:: Data excerpts ::
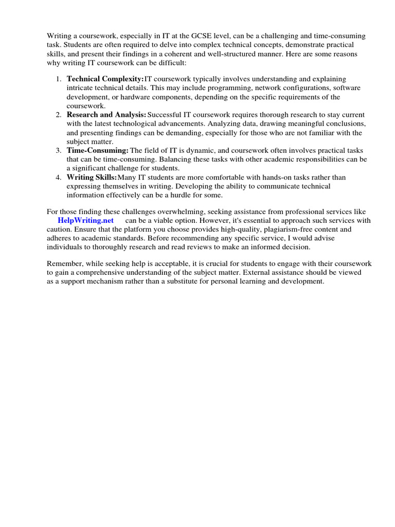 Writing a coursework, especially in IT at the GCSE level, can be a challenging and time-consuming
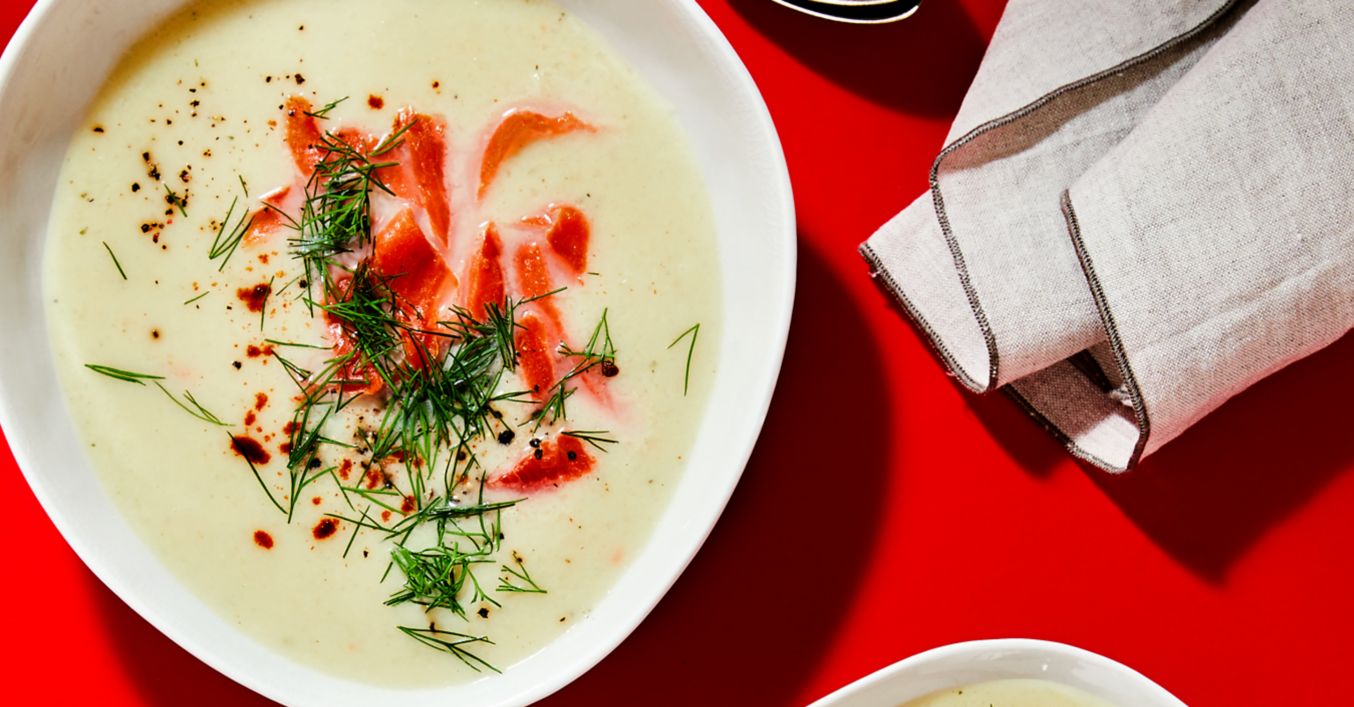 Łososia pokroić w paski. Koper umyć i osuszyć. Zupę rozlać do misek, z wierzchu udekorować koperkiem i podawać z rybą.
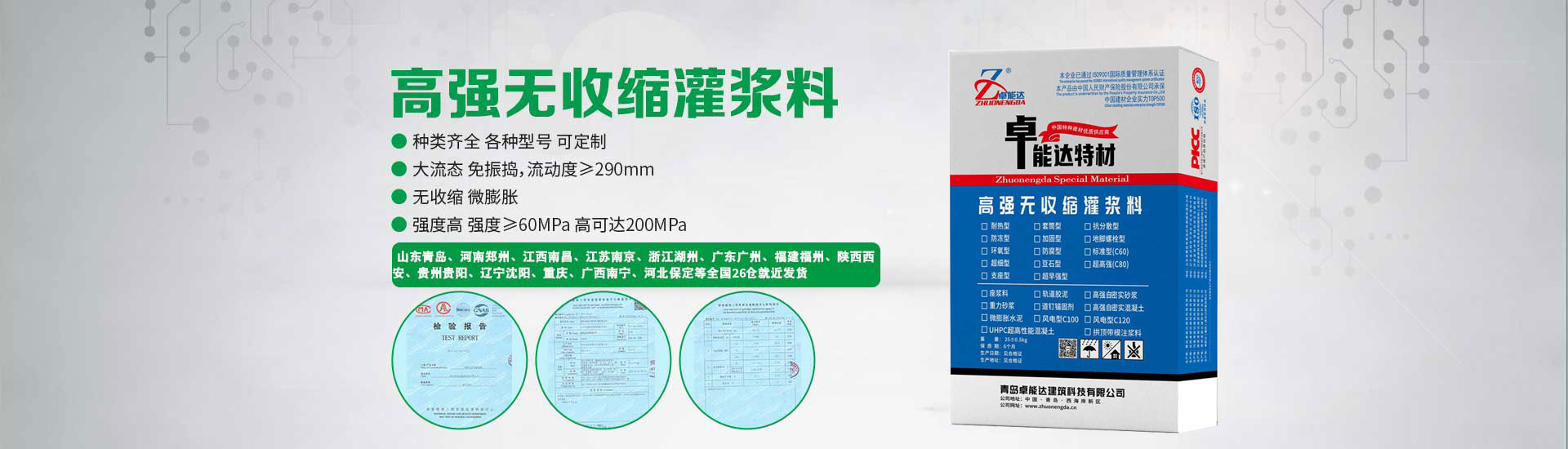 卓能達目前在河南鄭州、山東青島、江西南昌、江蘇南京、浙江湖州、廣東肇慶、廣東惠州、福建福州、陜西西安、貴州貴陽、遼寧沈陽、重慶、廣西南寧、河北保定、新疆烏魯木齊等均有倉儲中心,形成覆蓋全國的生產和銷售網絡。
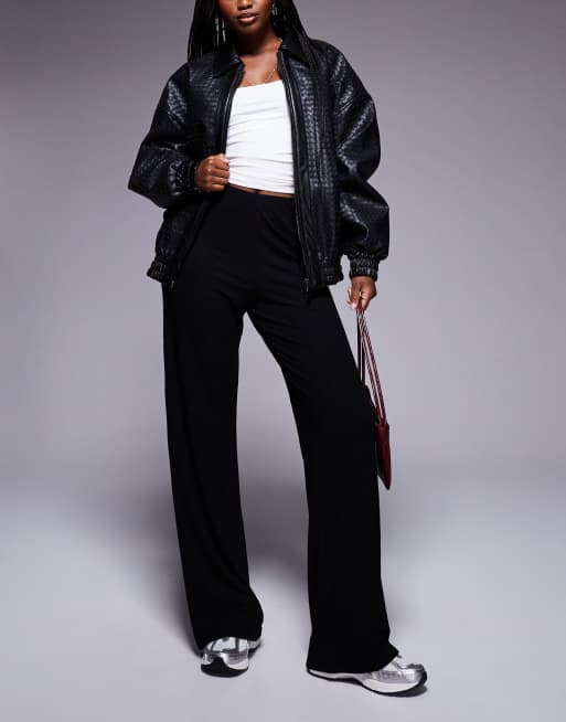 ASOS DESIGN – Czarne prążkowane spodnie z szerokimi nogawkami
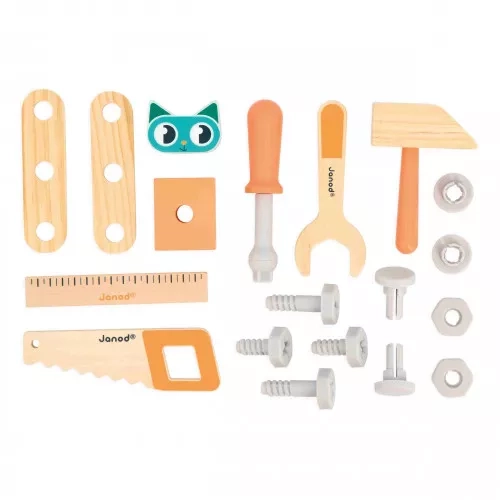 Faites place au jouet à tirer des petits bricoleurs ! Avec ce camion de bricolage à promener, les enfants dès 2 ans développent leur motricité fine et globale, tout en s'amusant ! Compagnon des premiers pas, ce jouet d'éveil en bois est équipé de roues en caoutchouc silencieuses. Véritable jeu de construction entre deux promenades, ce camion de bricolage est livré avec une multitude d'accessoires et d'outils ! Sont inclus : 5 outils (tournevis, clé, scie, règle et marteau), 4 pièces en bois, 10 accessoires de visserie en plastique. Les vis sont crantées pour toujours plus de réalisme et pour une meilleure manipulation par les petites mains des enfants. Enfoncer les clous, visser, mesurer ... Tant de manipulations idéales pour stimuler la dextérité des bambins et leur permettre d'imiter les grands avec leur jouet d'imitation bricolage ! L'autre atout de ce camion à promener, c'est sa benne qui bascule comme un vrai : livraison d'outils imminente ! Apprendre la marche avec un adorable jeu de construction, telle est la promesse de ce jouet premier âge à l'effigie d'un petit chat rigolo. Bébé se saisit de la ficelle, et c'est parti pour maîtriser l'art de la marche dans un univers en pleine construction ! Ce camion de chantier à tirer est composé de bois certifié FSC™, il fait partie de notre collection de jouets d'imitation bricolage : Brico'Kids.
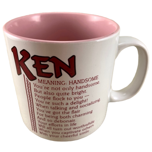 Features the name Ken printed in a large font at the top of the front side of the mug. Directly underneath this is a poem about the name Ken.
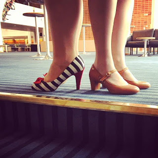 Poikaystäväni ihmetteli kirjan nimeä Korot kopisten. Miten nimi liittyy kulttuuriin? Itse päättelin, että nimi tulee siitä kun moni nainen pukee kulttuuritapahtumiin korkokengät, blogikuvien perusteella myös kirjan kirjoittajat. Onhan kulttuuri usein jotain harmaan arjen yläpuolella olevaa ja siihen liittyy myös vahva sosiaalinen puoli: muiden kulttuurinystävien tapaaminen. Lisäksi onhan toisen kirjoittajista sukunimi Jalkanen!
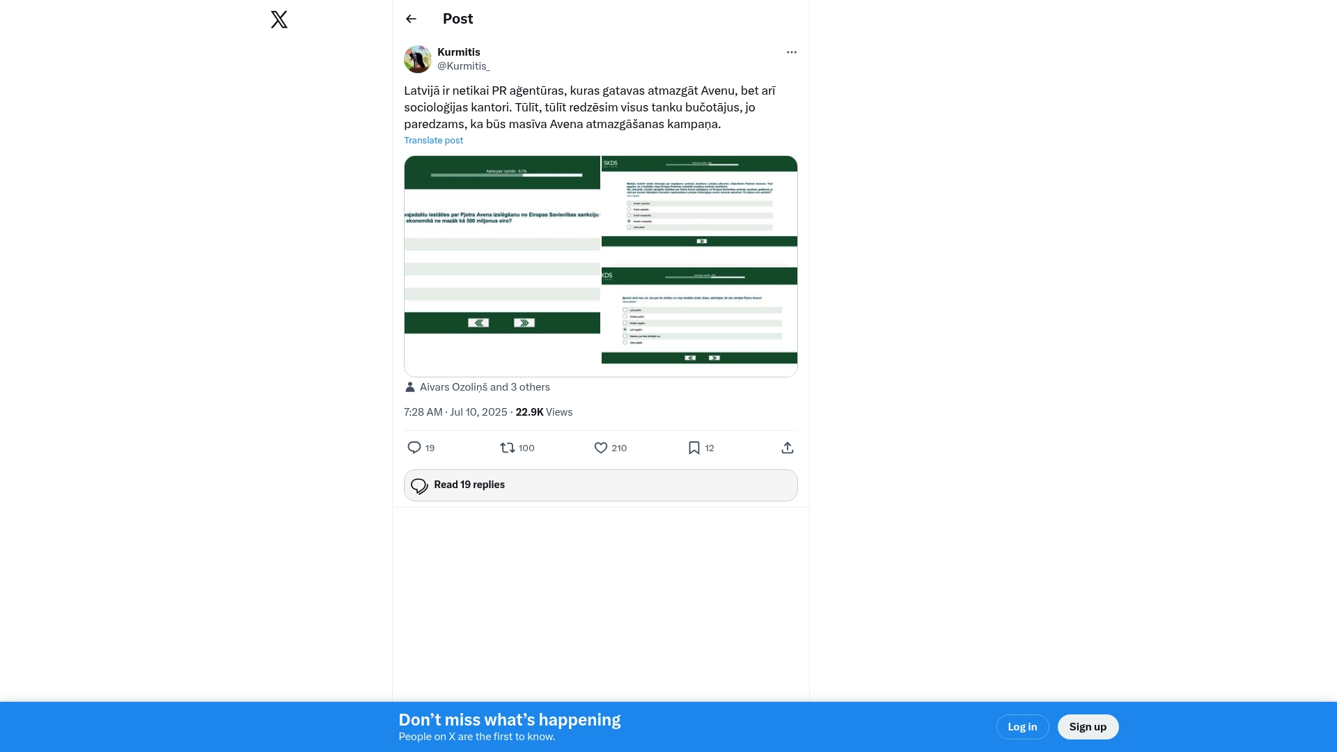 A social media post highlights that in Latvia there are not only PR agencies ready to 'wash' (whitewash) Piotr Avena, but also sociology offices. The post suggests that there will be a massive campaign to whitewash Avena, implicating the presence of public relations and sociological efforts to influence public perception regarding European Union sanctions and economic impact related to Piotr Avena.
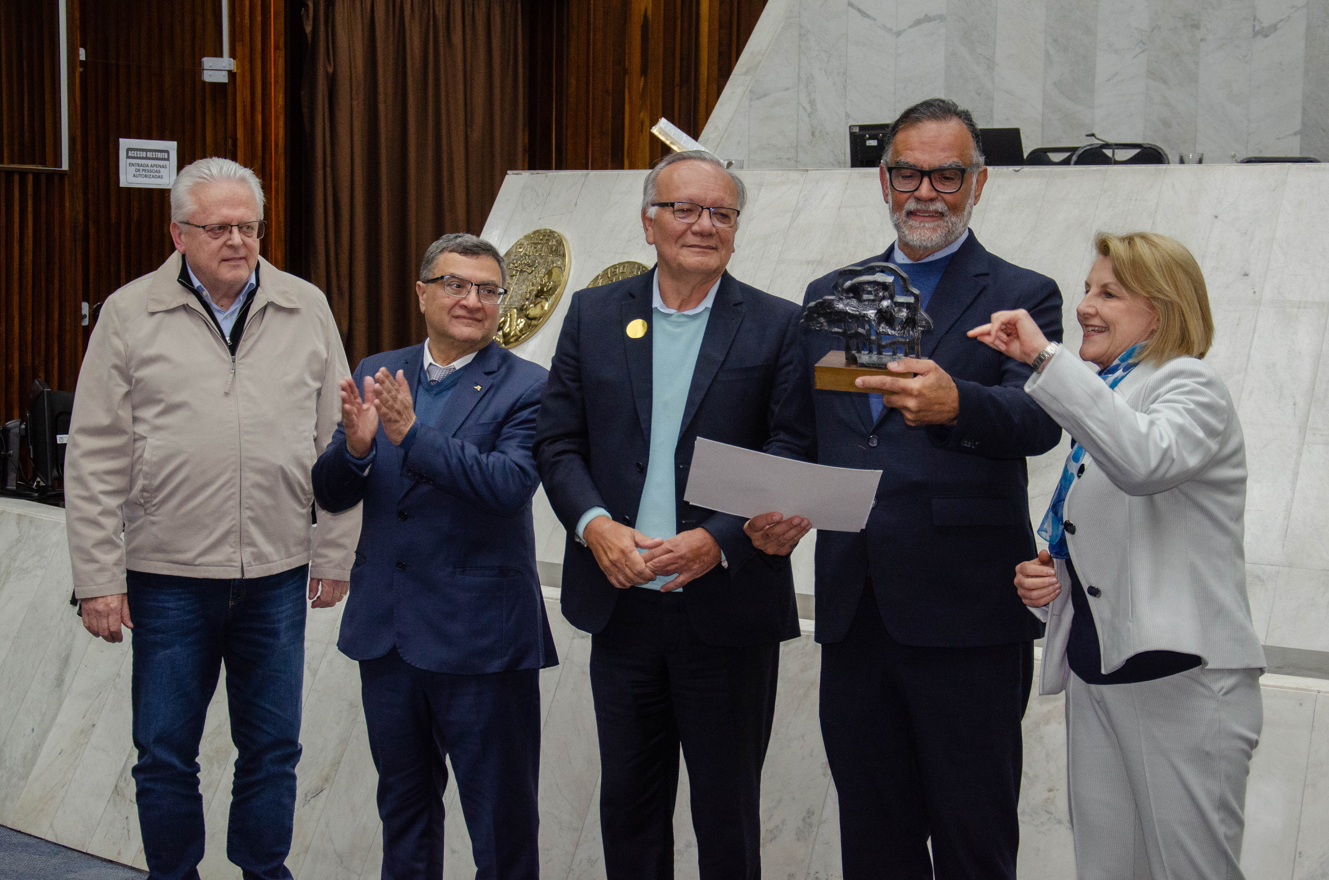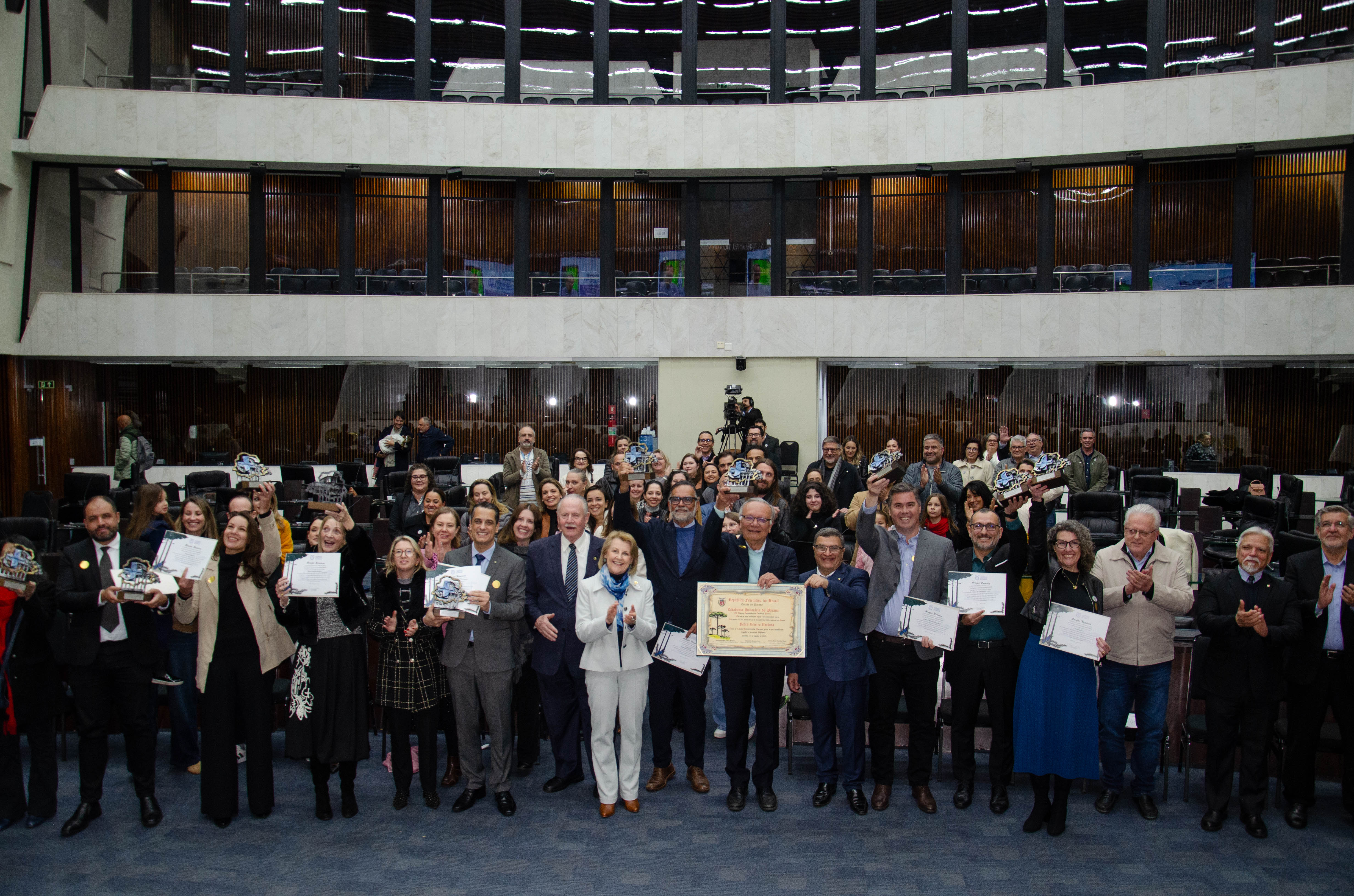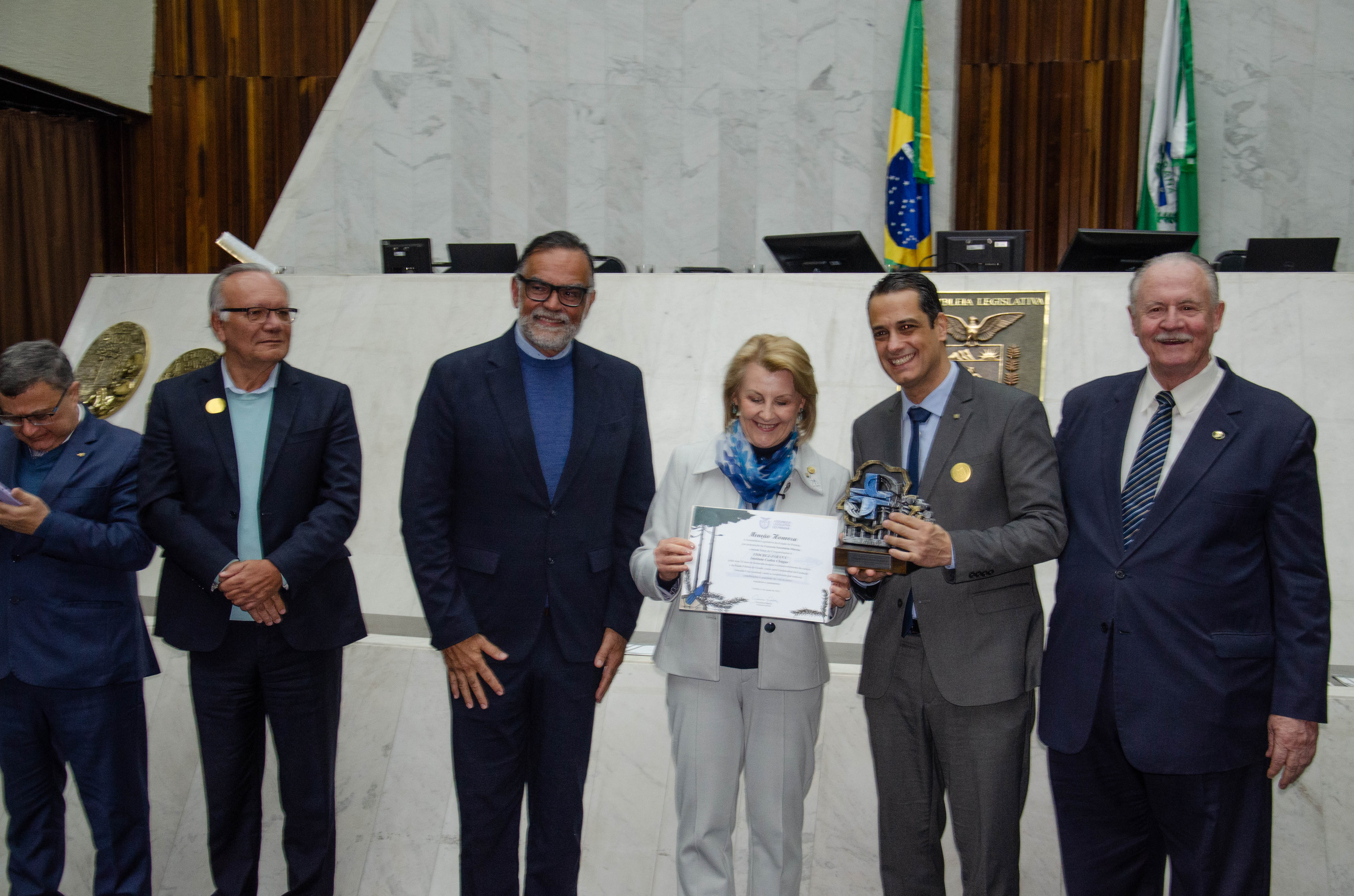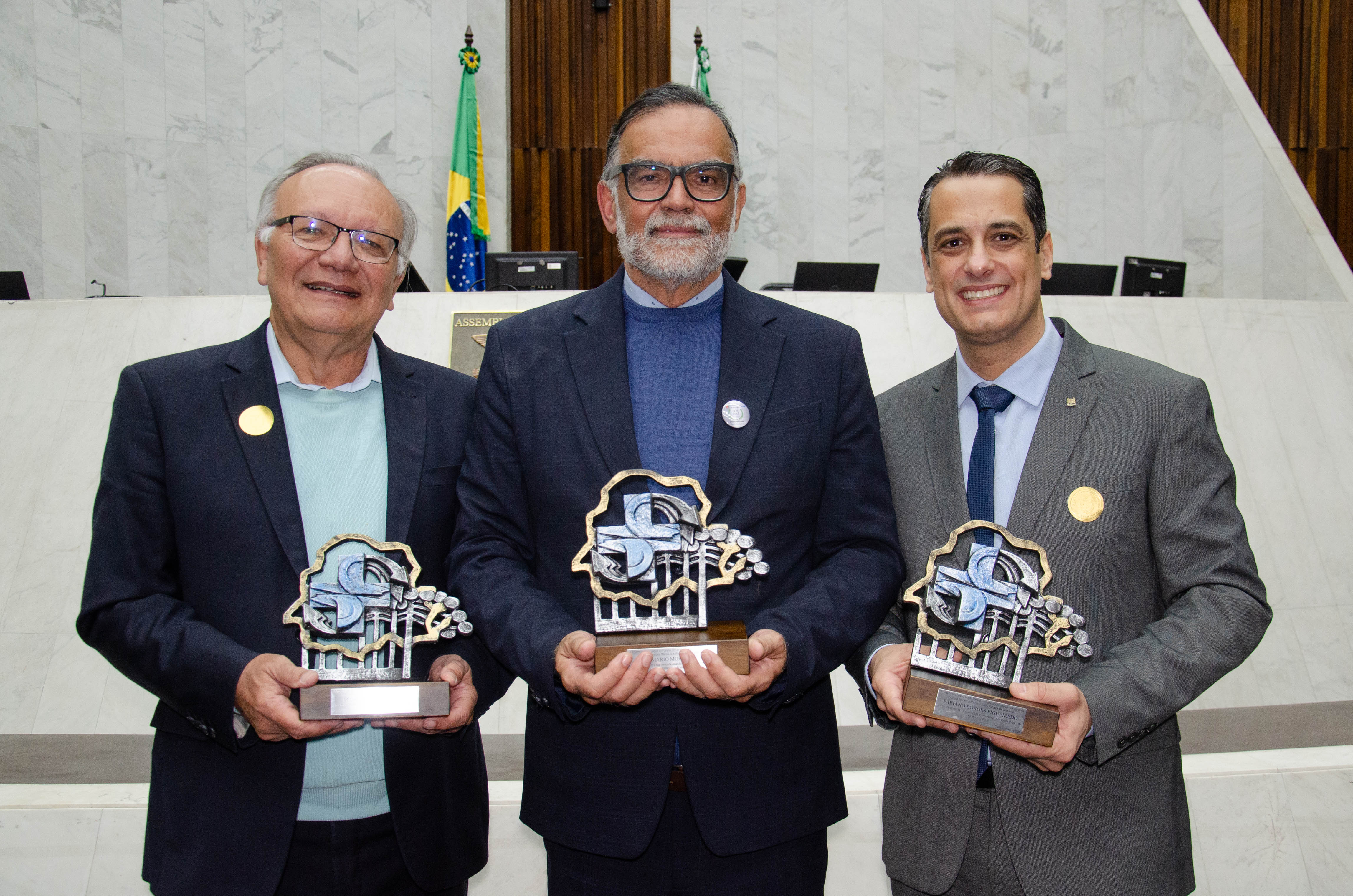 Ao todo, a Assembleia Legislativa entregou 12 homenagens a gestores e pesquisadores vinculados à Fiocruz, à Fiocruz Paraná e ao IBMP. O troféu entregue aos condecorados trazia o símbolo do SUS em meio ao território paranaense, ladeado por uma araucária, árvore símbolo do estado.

:: Problem to work on ::
Write out the lines of the material above exactly, from its first line through the line that contains "ASOS DESIGN –", so that no picture appears in the copy.

:: Task output ::
 Writing a coursework, especially in IT at the GCSE level, can be a challenging and time-consuming
 Łososia pokroić w paski. Koper umyć i osuszyć. Zupę rozlać do misek, z wierzchu udekorować koperkiem i podawać z rybą.
 卓能達目前在河南鄭州、山東青島、江西南昌、江蘇南京、浙江湖州、廣東肇慶、廣東惠州、福建福州、陜西西安、貴州貴陽、遼寧沈陽、重慶、廣西南寧、河北保定、新疆烏魯木齊等均有倉儲中心,形成覆蓋全國的生產和銷售網絡。
 ASOS DESIGN – Czarne prążkowane spodnie z szerokimi nogawkami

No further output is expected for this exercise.